Jamaica extends curve, saves on interest payments with new tap
By Davide Scigliuzzo
NEW YORK, Aug 12 (IFR) - Jamaica's successful US$743m tap of existing bonds Thursday funded a liability management exercise that substantially pushed out the average maturity of the sovereign's debt and reduced interest payments, said bankers.
The reopening of existing 8% 2039s, which priced on Thursday at a cash price of 114.082 and a yield of 6.75%, funds a bond buyback that was announced this week.
The Caribbean nation, rated Caa2/B/B, has agreed to buy back around US$785m in principal of its 10.625% 2017s and 8% 2019s, according to results of a tender offer announced on Friday.
The cash price of the reopened bonds is well above the prices paid to buy back the 2017s and 2019s - 108.00 and 110.50 respectively.
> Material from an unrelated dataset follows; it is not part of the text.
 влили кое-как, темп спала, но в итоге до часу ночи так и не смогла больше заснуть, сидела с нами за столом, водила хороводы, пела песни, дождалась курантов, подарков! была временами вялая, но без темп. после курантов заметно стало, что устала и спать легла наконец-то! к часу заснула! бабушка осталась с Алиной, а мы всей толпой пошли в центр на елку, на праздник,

This would lead to an estimated US$42m reduction in the total debt stock of the sovereign, a source close to the deal said.
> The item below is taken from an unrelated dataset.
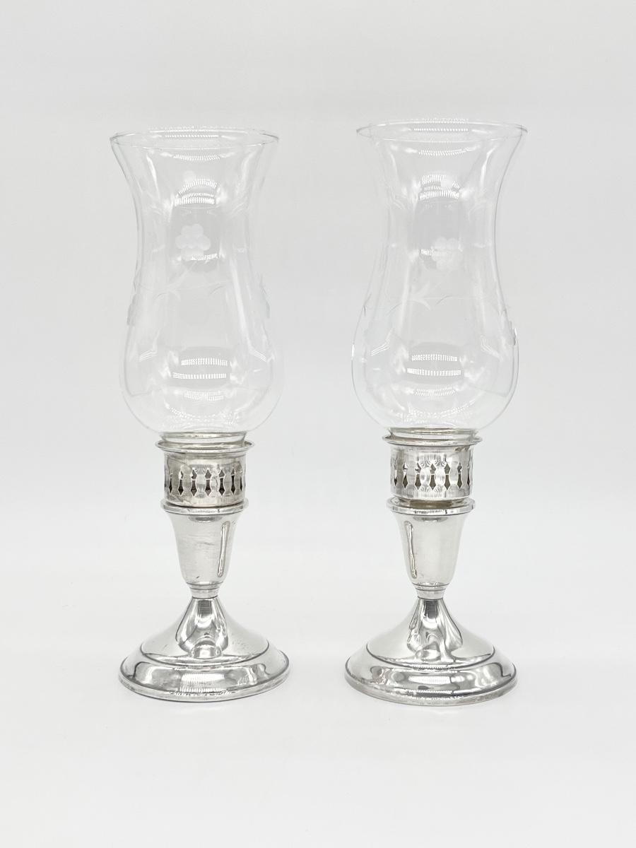 TOWLE ~ Sterling ~ Vtg. 512 Sterling Weighted Hurricane Lamps ~ Set Of Two (2)

"It is quite prudent of the government to take advantage of global interest rates to take out (expensive) debt," said Sean Newman, a senior portfolio manager at Invesco.
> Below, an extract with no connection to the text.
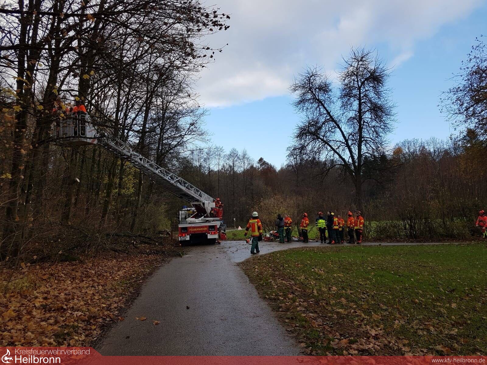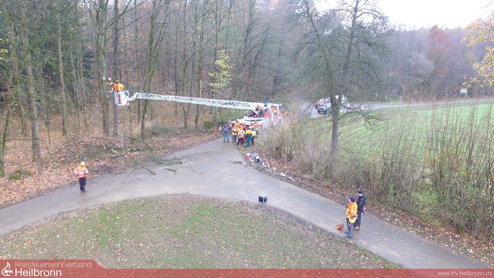 Am Freitag, 23. November und Samstag, 24. November trafen sich 13 Kameraden der Abteilung Bad Rappenau (alles ausgebildete Motorsägenführer bzw. Drehleitermaschinisten), um am weiterführenden Motorsägen Lehrgang „Modul C – Arbeit mit Motorsägen in Arbeitskörben von Hubarbeitsbühnen und Drehleitern, ohne stückweises Abtragen von Bäumen“ gemäß DGUV-Information 214-059 „Ausbildung für Arbeiten mit der Motorsäge und die Durchführung von Baumarbeiten“ teilzunehmen.

"They have been able to stick to their primary surplus target and they certainly can be commended for fiscal prudence in managing public sector accounts and getting debt to GDP on downward trajectory."
Of the US$743m reopening, some US$364m came from new investors, while the remaining came from holders of the 2017s and 2019s switching into the longer maturity, the source said.
The deal will bring the total outstanding on the 2039s to around US$1.2bn. The bonds were spotted trading at 115.55 - 116.15 on Friday morning.